The structure, built in 1898, was sagging and leaky and missing entire window panes. Inside, students were underperforming academically.
And then, there were the rats. Thompson and his two children didn’t even finish unpacking his office before they discovered that problem.
“They were in here 10 minutes, and I hear this big crash,” he says. “My daughter … is laying on the floor. My son is hiding behind the file cabinet laughing at her as I watch this big, giant rat crawl from that pipe up into the ceiling.”
For a while, Thompson avoided his office. And then, when he couldn’t do that anymore, he developed a system for at least avoiding the rat.
“Literally every morning, I would put my key in my door, knock on the door, just to let him know I’m about to come in because there were days where he’d be on my desk or wherever,” Thompson says.
Dozens of rats were inside the school. And Thompson didn’t know what to do about them — until the city showed up with a plan.
Small Fixes With Big Results
Claudia Riegel talks about rats a lot. She’s director of the New Orleans Mosquito, Termite and Rodent Control Board, so pests are her job, and it’s a job made harder after Hurricane Katrina.
Rats are a problem in any city. But post-Katrina New Orleans offered an especially friendly habitat for the hated rodents: piles of trash, blighted homes and fewer predators. The rat population spiked.
In 2007, her staff received almost 2,900 rodent complaints. That’s more than seven calls a day.
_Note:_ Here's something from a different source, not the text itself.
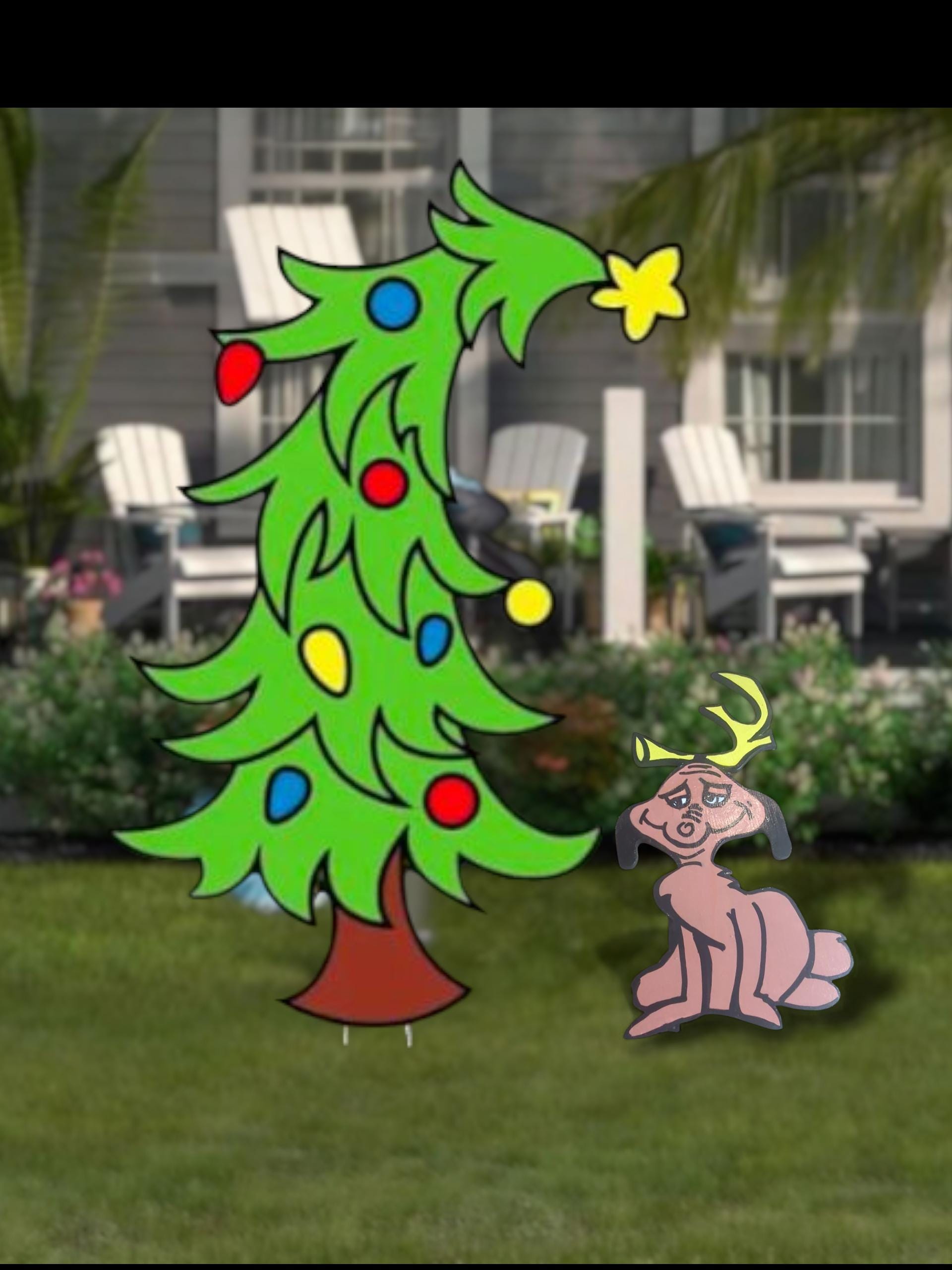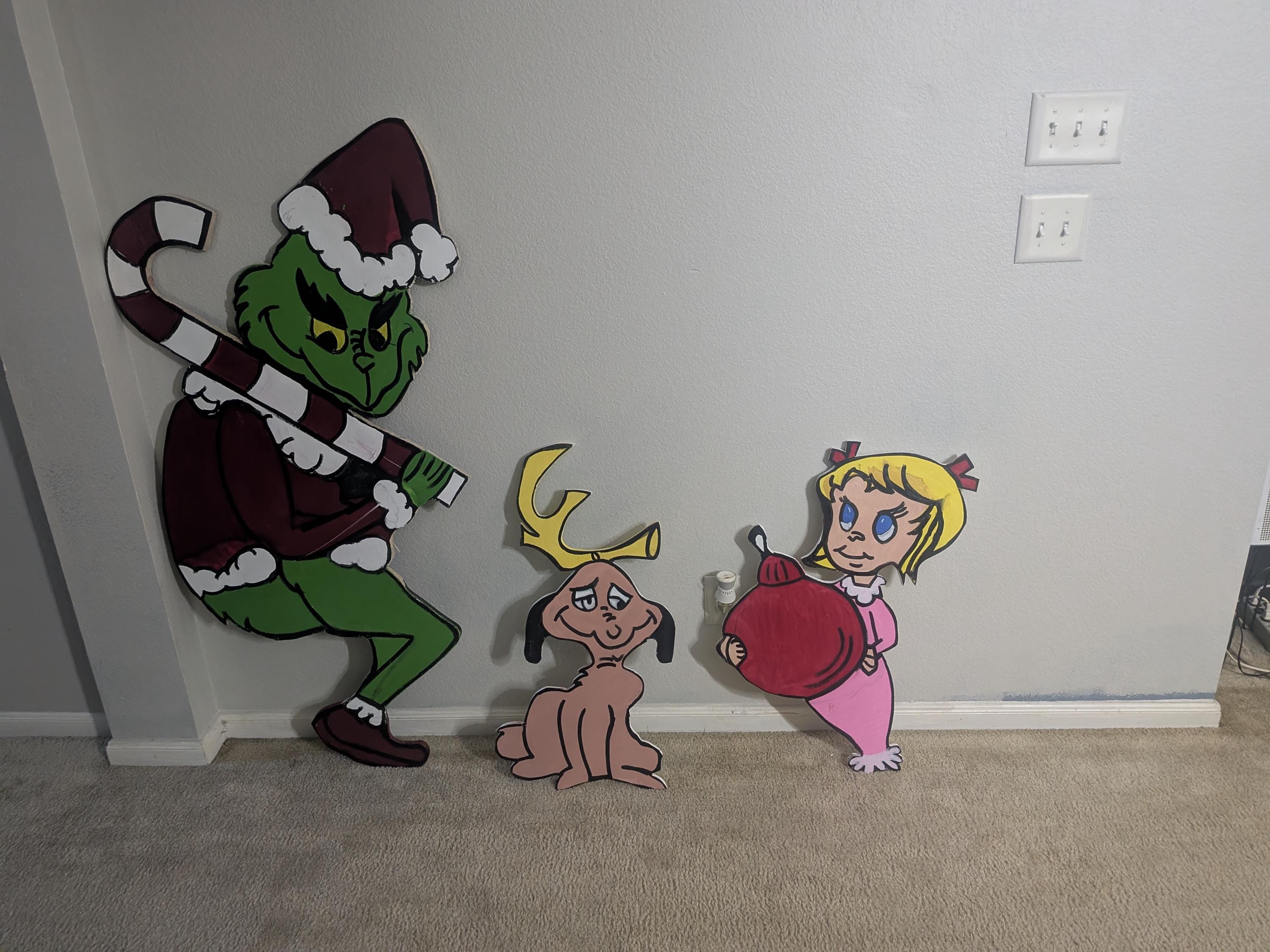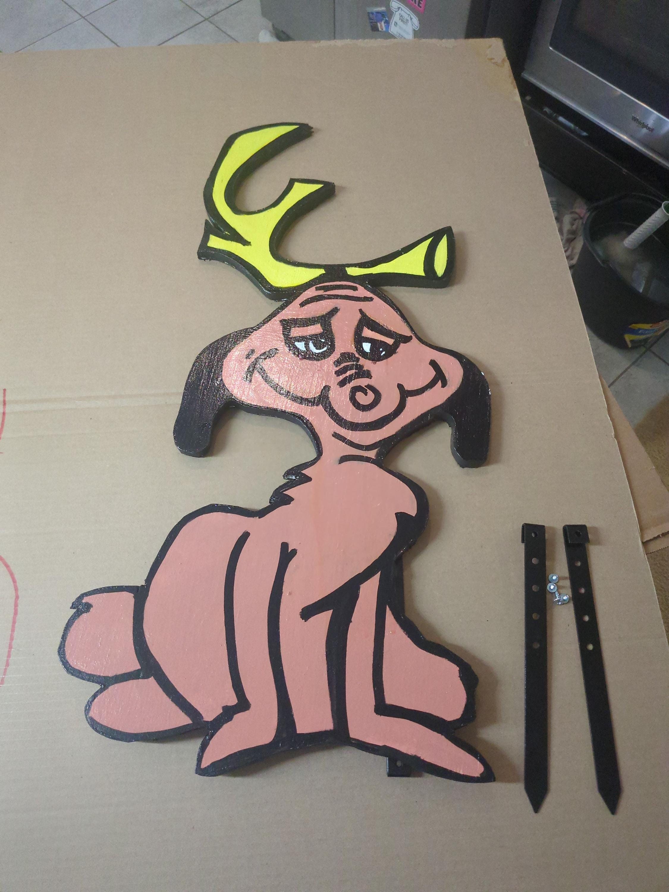 This Grinch Sitting Max is the perfect addition to any Grinch display Christmas display. It is made of solid wood and hand-painted to ensure that it lasts many holiday seasons. It includes posts and hardware

The staff would bait the storm drains of an entire ZIP code, Riegel says, but it wasn’t enough. So city officials decided to change their approach and jump on a hot industry trend called “integrated pest management.”
In short: Forget the rats; fix the problems.
It’s a more methodical approach to rat control. City officials aren’t just baiting traps; they’re attacking the problems that invite the rats — and they’re winning.
“Vegetation management, sanitation, some building construction,” Riegel says. “A lot of it is just minor: closing up holes, taking the trash out before the last person left for the day. And from 2006 to today … it’s been amazing.”
Even as the population of New Orleans has increased, rodent complaints have fallen nearly 70 percent. So when Riegel’s agency landed a federal grant last year, she used the money to apply the same proactive approach at John McDonogh High School.
“We wanted to show that if you can close and deal with the problems in this type of building, you can do it anywhere,” she says.
‘They Took Our Bait’
It didn’t take long to identify, at least, where the rats were living.
They were behind a padlocked door, in a brick-walled refuge that once housed an old toilet. “And right behind that is the cafeteria,” Thompson says. “So they had food and they had water. Claudia’s folks figured this out.”
The city removed the toilet last summer, so the rats’ primary water source was gone. And before even thinking about poison or traps, Riegel’s team came with caulk guns and plaster. The goal: seal the building — every crack, every hole.
“The technique of going out and just putting bait, and bait, and bait, and walking away wasn’t working. And so we closed the envelope of the school,” she says. “That started stressing out the animals. They took our bait. We did trapping. And all of a sudden, that school is rat-free.”
Riegel’s team is doing the same thing in city buildings and other schools. They’ve pushed for better trash cans in parks and public spaces.
Their work is hardly over, though, and Thompson still has his problems at John McDonogh. The school has a massive budget shortfall and declining enrollment.
But it’s been months since Thompson has seen a rat. And recently, staffers decorated the front office with the school colors. They dressed it up it in a nice, fresh coat of green paint.